The IL-27 receptor chain WSX-1 differentially regulates antibacterial immunity and survival during experimental tuberculosis.

IL-12 is a potent inducer of IFN-gamma production and promotes a protective cell-mediated immune response after Mycobacterium tuberculosis infection. Recently, the IL-12-related cytokine IL-27 was discovered, and WSX-1 was identified as one component of the IL-27R complex. To determine the functional significance of IL-27/WSX-1 during tuberculosis, we analyzed the course of infection and the immune response in WSX-1-KO mice after aerosol infection with M. tuberculosis. In the absence of WSX-1, an increased production of the proinflammatory cytokines TNF and IL-12p40 resulted in elevated CD4+ T cell activation and IFN-gamma production, which enhanced macrophage effector functions and reduced bacterial loads. This is the first occasion of a selectively gene-deficient mouse strain showing higher levels of protective immunity against M. tuberculosis infection than wild-type mice. However, a concomitantly increased chronic inflammatory response also accelerated death of infected WSX-1-KO mice. In vitro, IL-27 induced STAT3 phosphorylation and inhibited TNF and IL-12 production in activated peritoneal macrophages, indicating a novel feedback mechanism by which IL-27 can modulate excessive inflammation.
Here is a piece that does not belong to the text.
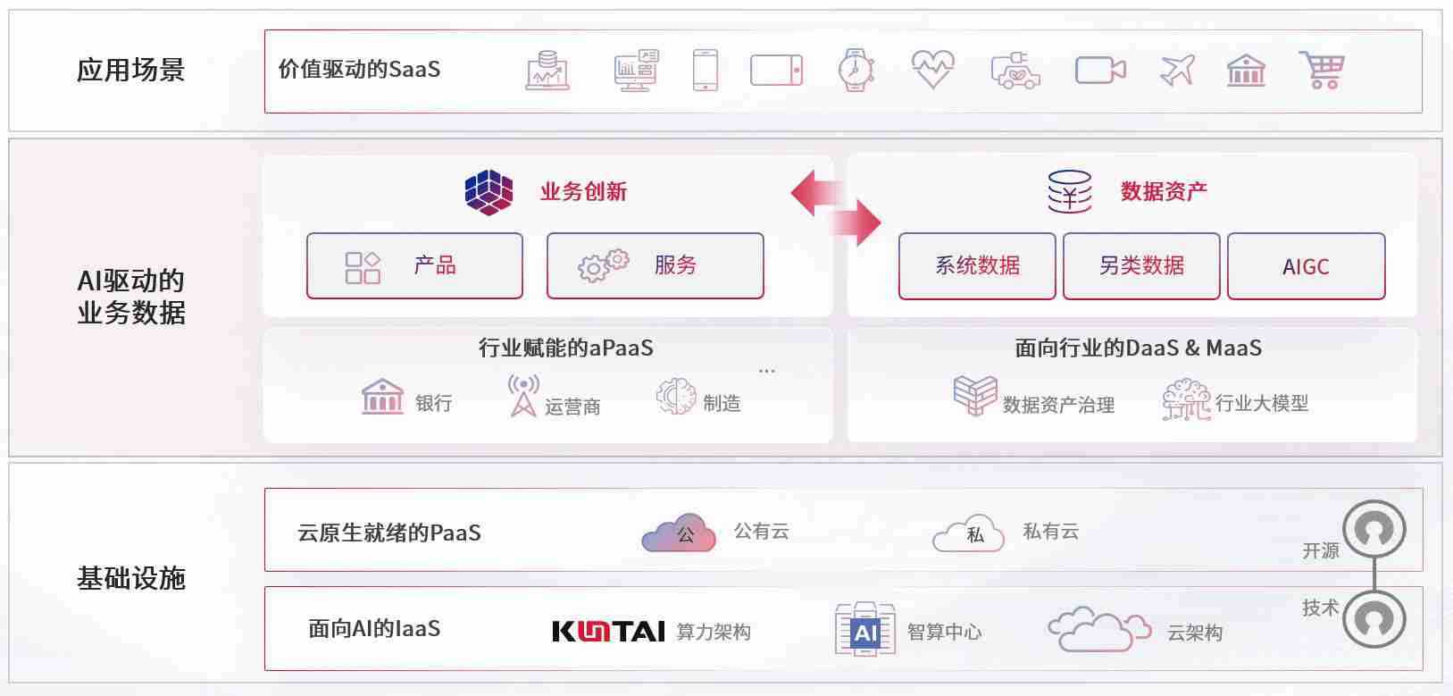 数字时代,,,围绕企业数字化转型的关键要素,,,,尊龙旗舰厅数码开创性的提出数云融合战略和技术体系框架,,着力在云原生、、、数字原生、、AI原生和信创产业上架构产品和服务能力,,为处在不同数字化转型阶段的快消零售、、汽车、、、金融、、医疗、、、政企、、、教育、、、运营商等行业客户提供泛在的敏捷IT能力和融合的数据驱动能力,,构建跨界融合创新的数字业务场景和新业务模式,,,,助力企业级客户建立面向未来的核心能力和竞争优势,,全面推动社会的数字化、、、智能化转型升级。。。。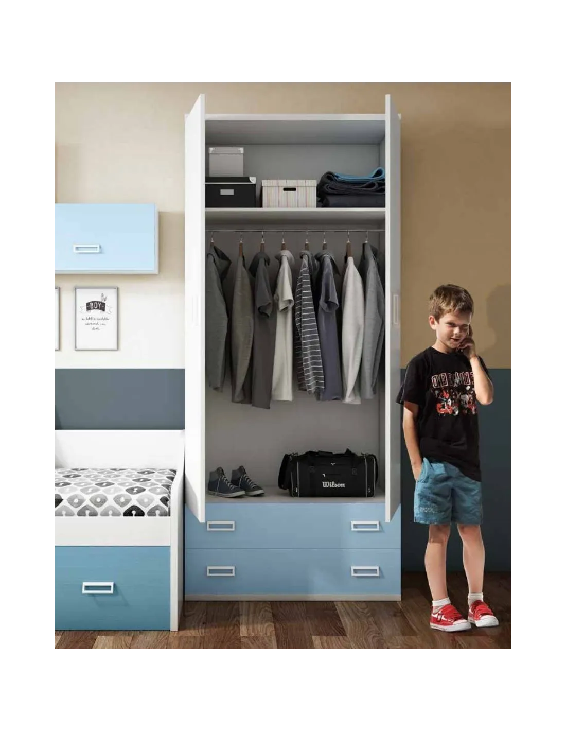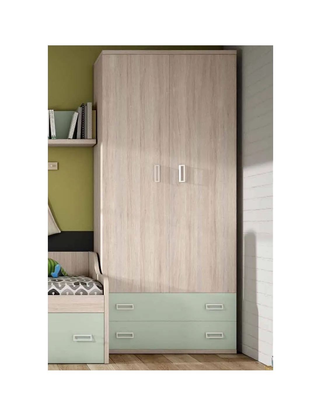 Armario juvenil Lolli dos puertas y dos cajones altura 225 cm. con diez colores a elegir

In conclusion, IL-27 both prevents optimal antimycobacterial protection and limits the pathological sequelae of chronic inflammation.[1]

References

  1. The IL-27 receptor chain WSX-1 differentially regulates antibacterial immunity and survival during experimental tuberculosis. Hölscher, C., Hölscher, A., Rückerl, D., Yoshimoto, T., Yoshida, H., Mak, T., Saris, C., Ehlers, S. J. Immunol. (2005) [Pubmed]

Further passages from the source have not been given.